# Work required
Print each entry in full, word for word, with no pictures in the result.

# Input material
|---|

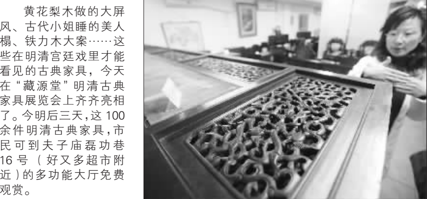
黄花梨木屏风只能叠着存放

黄花梨木做的大屏风、古代小姐睡的美人榻、铁力木大案……这些在明清官廷戏里才能看见的古典家具,今天在“藏源堂”明清古典家具展覧会上齐齐亮相了。今后三天,这100余件明清古典家具,市民可到夫子庙嘉功巷16号(好又多超市附近)的多功能大厅免费观赏。
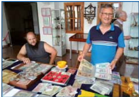
V Lendavi vsako leto večkrat organizirajo srečanja zbirateljev.

V Društvu zbirateljev Pomurja Lindva so člani zbiralci starin iz Prekmurja in Prlekije, nekaj pa jih je tudi iz sosednjih pokrajin Hrvaške in Madžarske. Društvo so ustanovili ljubitelji starih predmetov, ki so se družili na različnih mednarodnih srečanjih zbirateljev drugod po Sloveniji in v sosednjih državah. Kmalu po
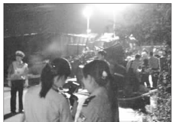
事发后,110、120迅速赶到现场营救

□快报讯 (见习记者 王觅)昨天下午5点半左右,南京市江宁区双龙大道百家湖休闲广场十字路口处,一辆牌照为苏GG019挂的加长拖挂货车在急刹车时,固定货物的麻绳断裂,拉载的一根钢结构建材飞出斗砸在驾驶室上,造成驾驶室内3人中2人死亡,一人受伤。
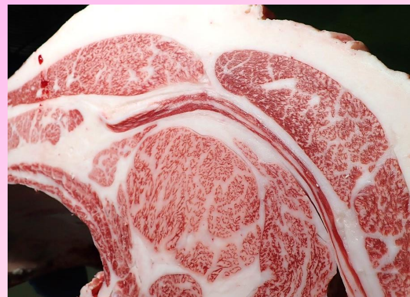
雌 真乃介-金太郎3-安平 BMS No.12 ロース芯 82 cm 2 枝肉重量 479.8 kg
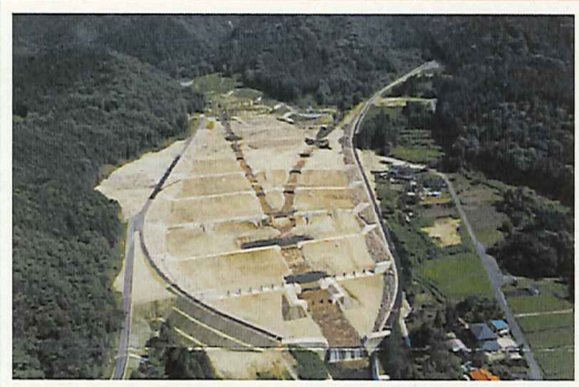
四ツ目川遊砂工 (よつめがわゆうさこう) (中津川市松田)

♪参加された方にはもちろん多治見砂防国道事務所80周年記念「SABOカード」を6枚1セットを無料で差し上げます。
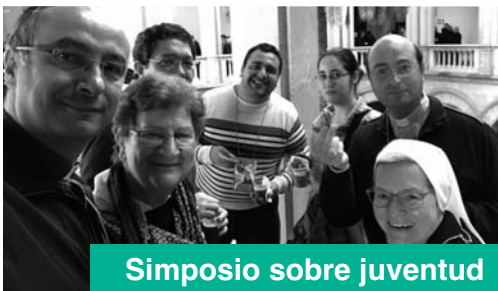
Simposio sobre juventud
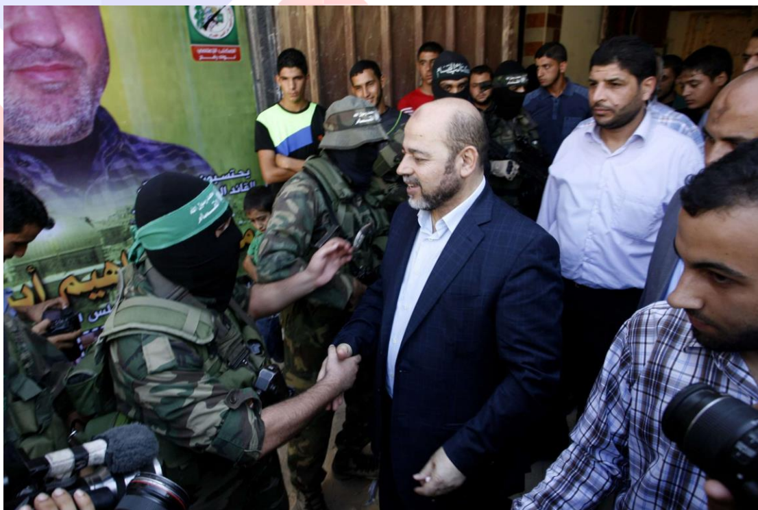
哈馬斯政治局副領導人穆薩·阿布·馬祖克（右）擁抱伊斯蘭運動時武裝聯隊埃茲丁·卡薩姆旅（Ezzedine al-Qassam）的一名成員。

聯合國也不能再保證世界的和平與安全，因為聯合國安理會及五個常任理事國（P5, five permanent members）無法再發揮他們的功用。此外阿布·馬祖克表示，聯合國很快就會結束其在全世界的工作。「而我們不能忘記猶太復國主義制度被不公平的強加在我們的土地上。」
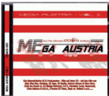
Ultimate Krocha Anthems

Der Begriff „Krocha“ leitet sich aus dem ostösterreichischen „ins Fest/in die Party einetrochn“ ab, was so viel heißt wie: einen besonders effektvollen Auftritt auf einer Clubveranstaltung inszenieren oder besonders exzessiv feiern.

|---|

# Reply to the exercise
黄花梨木屏风只能叠着存放

黄花梨木做的大屏风、古代小姐睡的美人榻、铁力木大案……这些在明清官廷戏里才能看见的古典家具,今天在“藏源堂”明清古典家具展覧会上齐齐亮相了。今后三天,这100余件明清古典家具,市民可到夫子庙嘉功巷16号(好又多超市附近)的多功能大厅免费观赏。
V Lendavi vsako leto večkrat organizirajo srečanja zbirateljev.

V Društvu zbirateljev Pomurja Lindva so člani zbiralci starin iz Prekmurja in Prlekije, nekaj pa jih je tudi iz sosednjih pokrajin Hrvaške in Madžarske. Društvo so ustanovili ljubitelji starih predmetov, ki so se družili na različnih mednarodnih srečanjih zbirateljev drugod po Sloveniji in v sosednjih državah. Kmalu po
事发后,110、120迅速赶到现场营救

□快报讯 (见习记者 王觅)昨天下午5点半左右,南京市江宁区双龙大道百家湖休闲广场十字路口处,一辆牌照为苏GG019挂的加长拖挂货车在急刹车时,固定货物的麻绳断裂,拉载的一根钢结构建材飞出斗砸在驾驶室上,造成驾驶室内3人中2人死亡,一人受伤。
雌 真乃介-金太郎3-安平 BMS No.12 ロース芯 82 cm 2 枝肉重量 479.8 kg
四ツ目川遊砂工 (よつめがわゆうさこう) (中津川市松田)

♪参加された方にはもちろん多治見砂防国道事務所80周年記念「SABOカード」を6枚1セットを無料で差し上げます。
Simposio sobre juventud
哈馬斯政治局副領導人穆薩·阿布·馬祖克（右）擁抱伊斯蘭運動時武裝聯隊埃茲丁·卡薩姆旅（Ezzedine al-Qassam）的一名成員。

聯合國也不能再保證世界的和平與安全，因為聯合國安理會及五個常任理事國（P5, five permanent members）無法再發揮他們的功用。此外阿布·馬祖克表示，聯合國很快就會結束其在全世界的工作。「而我們不能忘記猶太復國主義制度被不公平的強加在我們的土地上。」
Ultimate Krocha Anthems

Der Begriff „Krocha“ leitet sich aus dem ostösterreichischen „ins Fest/in die Party einetrochn“ ab, was so viel heißt wie: einen besonders effektvollen Auftritt auf einer Clubveranstaltung inszenieren oder besonders exzessiv feiern.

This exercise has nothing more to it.